# The High Lords Gather



## TheReverend (Dec 2, 2007)

Has anyone else seen this article up on the BL website?:

http://www.blacklibrary.com/Blog/AuthorMeet.html

With Gav Thorpe, Aaron Dembski-Bowden, Graham McNeill, Dan Abnett, Chris Wraight, James Swallow and Christian Dunn all in one place at one time, surely it can only be a Horus Heresy related meeting? 

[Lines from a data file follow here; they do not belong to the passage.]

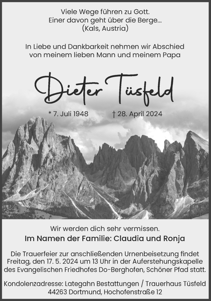 Hier finden Sie alle Traueranzeigen aus der Zeitung, die bisher für Dieter Tüsfeld erschienen sind. Weitere Traueranzeigen, die in der Zeitung erscheinen, werden hier ebenfalls aufgelistet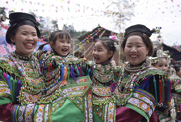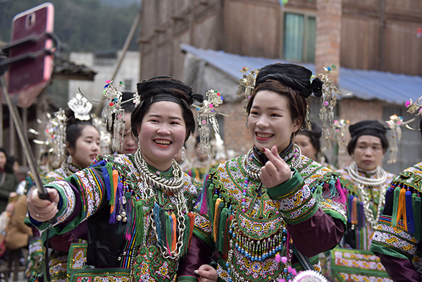 ↑在貴州省榕江縣朗洞鎮(zhèn)高便村,侗族同胞在自拍。新華社發(fā)(蔣佐仙 攝)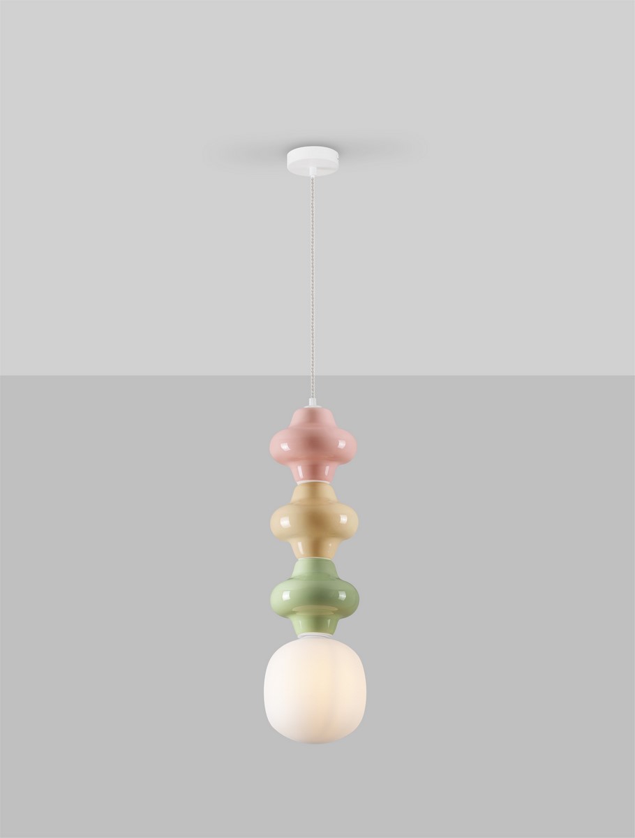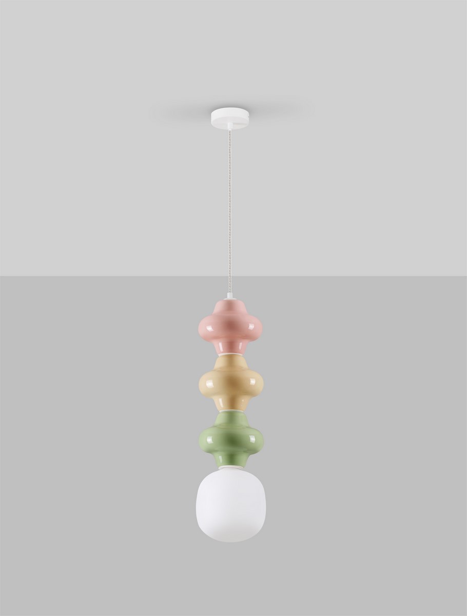 метал в цвят бял мат, керамика в бледо розово, жълто и зелено, обработено с киселина, опалово бяло стъкло

One guy on the BL forum speculated about the rumoured Primarch novella's, there's certainly enough writing talent there to pull that one off  or maybe they are discussing the closing stages of the series? we're moving ever closer to the siege of Terra and I'm guessing they'll want to approach it in a unified way.

Any thoughts?


----------



## forkmaster (Jan 2, 2010)

I would say we are really a long time away from the end of the Heresy. I would think its theyr annual meetings really, checking how everybody is doing with their work, updating with new ideas of what to write.


----------



## brianizbrewtal (Jan 26, 2011)

I'm really hoping for a max of 3-4 years more of the Heresy. Let's face it, it needs to be made into movies or awesome cartoons. And yes, it may be near impossible, but imagine Ahriman on the big screen! O.O


----------



## Dead.Blue.Clown (Nov 27, 2009)

TheReverend said:


> With Gav Thorpe, Aaron Dembski-Bowden, Graham McNeill, Dan Abnett, Chris Wraight, James Swallow and Christian Dunn all in one place at one time, surely it can only be a Horus Heresy related meeting?


Wrong, good sir.


----------



## Lord of the Night (Nov 18, 2009)

If its not a Heresy meeting then its likely just a gathering of authors to discuss future projects and update each other on current projects.


Lord of the Night


----------



## bobss (May 18, 2008)

Gangbang of hideous, boner-toppling proportions.


----------



## TheReverend (Dec 2, 2007)

haha. oh well, at least we know it's not related to HH  that could be deliberate disinformation though :wink:


----------



## Malus Darkblade (Jan 8, 2010)

Dead.Blue.Clown said:


> Wrong, good sir.


Hmm it would have been interesting to see the fabled High Lords of Terra doing their thing post Heresy and to give us some insight as to what they have been doing all this time and what they have planned.

*edit*

I lol'd when I read this,_*"yesterday, a veritable regiment of authors descended upon the Black Library for a meeting about a Top Secret Project. The details must remain hidden (for now...)"*_ then saw this:










Orange juice is srs business.


----------



## TheReverend (Dec 2, 2007)

Malus, you judge too harshly, I bet there's a good dollop of whiskey in that there orange juice to man it up a bit  haha


----------